Linux treats all execution entities as tasks . Each task looks like a single‑threaded process; threads are tasks that share memory space.

System Calls

fork – duplicate the current task.

exec – replace the current image with a new executable.

clone – create a child task starting at a specified point (used for threads).

fork uses copy‑on‑write to share memory until a write occurs.

1.6.2 Thread Safety

Concurrent threads can modify shared global variables and heap data, so data consistency is critical.

Race Conditions and Atomic Operations

Incrementing a variable (e.g., ++i) involves read‑modify‑write; a single instruction that cannot be interrupted is called atomic . Windows provides Interlocked API for atomic operations.

Synchronization and Locks

Synchronization ensures that when one thread finishes accessing data, others cannot intervene. Locks are non‑mandatory mechanisms: a thread acquires a lock before accessing a resource and releases it afterward.

Semaphores and Mutexes

A binary semaphore (mutex) allows exclusive access; a counting semaphore permits up to N concurrent accesses.

Read‑Write Locks

Read‑write locks allow multiple readers or a single writer, improving efficiency for read‑heavy workloads.

Condition Variables

Threads can wait on a condition variable and be awakened when the condition occurs, enabling coordinated waiting.

Reentrancy and Thread‑Safe Functions

A reentrant function can be entered again before previous execution finishes without adverse effects. Requirements: no static or global non‑const data, no returning pointers to such data, rely only on caller‑provided arguments, avoid non‑reentrant calls, and no external locks.

Over‑Optimization Pitfalls

Even with locks, compiler optimizations (e.g., keeping a variable in a register) can break thread safety, leading to inconsistent results.
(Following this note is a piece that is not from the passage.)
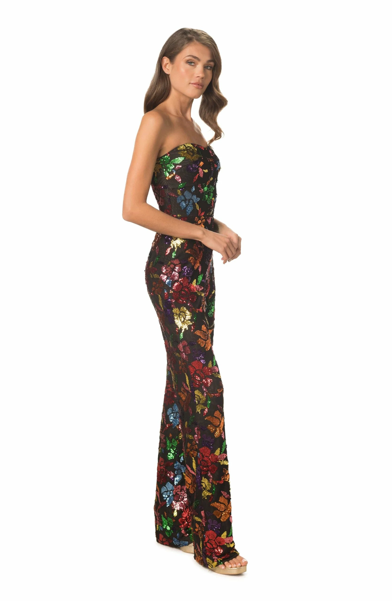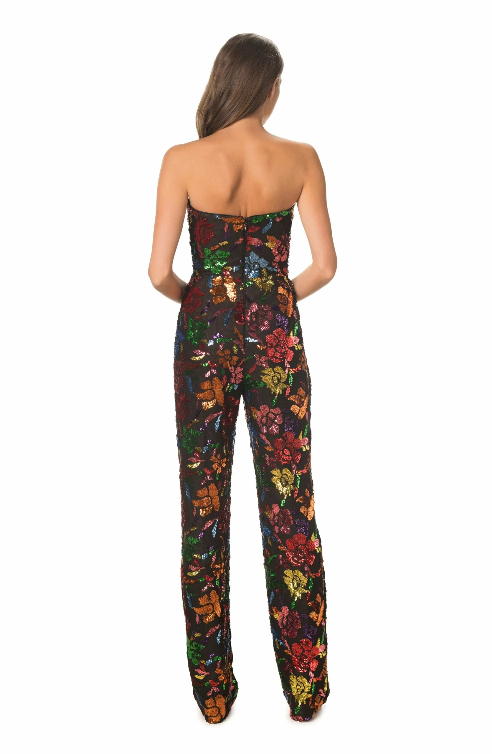 The Preston Jumpsuit is a show-stopping sequin jumpsuit with a strapless bustier top and a wide leg silhouette. The perfect look for any special occasion, the form-fitting top and elegantly flared leg offer an eye-catching combination of style and comfort.

CPU Reordering and Barriers

CPU out‑of‑order execution can reorder instructions, affecting correctness. Memory barriers (e.g., POWERPC’s lwsync) prevent such reordering.

1.6.3 Thread Internals

Thread concurrency is achieved via multiple processors or OS scheduling. User‑level threads may not map one‑to‑one with kernel threads.

One‑to‑One Model

Each user thread maps to a unique kernel thread, providing true concurrency but limited by kernel thread count and context‑switch overhead.

Many‑to‑One Model

Multiple user threads share a single kernel thread; context switches are fast, but a blocked user thread blocks all.

Many‑to‑Many Model

Multiple user threads map to a pool of kernel threads, balancing concurrency and scalability.